I’ve resisted using the term “data science,” and enjoy poking fun at it now and then, but I’ve decided it’s not such a bad label after all.
Here are some of the pros and cons of the term. (Listing “cons” first seems backward, but I’m currently leaning toward the pro side, so I thought I should conclude with it.)
The term “data scientist” is sometimes used to imply more novelty than is there. There’s not a great deal of difference between data science and statistics, though the new term is more fashionable. (Someone quipped that data science is statistics on a Mac.)
Similarly, the term data scientist is sometimes used as an excuse for ignorance, as in “I don’t understand probability and all that stuff, but I don’t need to because I’m a data scientist, not a statistician.”
The big deal about data science isn’t data but the science of drawing inferences from the data. Inference science would be a better term, in my opinion, but that term hasn’t taken off.

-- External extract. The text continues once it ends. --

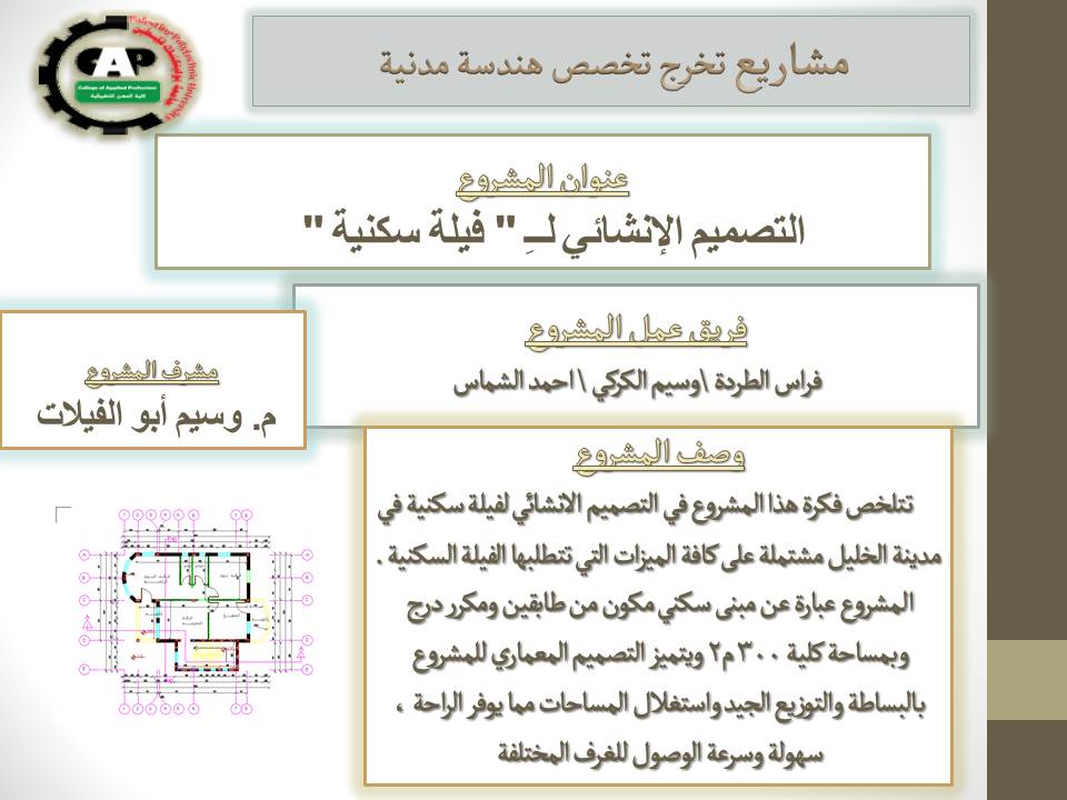 مشروع تخرج تخصص هندسة مدنية (التصميم الانشائي ل فيلة سكنية )

Data science could be a useful umbrella term for statistics, machine learning, decision theory, etc. Also, the title data scientist is rightfully associated with people who have better computational skills than statisticians typically have.
While the term data science isn’t perfect, there’s little to recommend the term statistics other than that it is well established. The root of statistics is state, as in a government. This is because statistics was first applied to the concerns of bureaucracies. The term statistics would be equivalent to governmentistics, a historically accurate but otherwise useless term.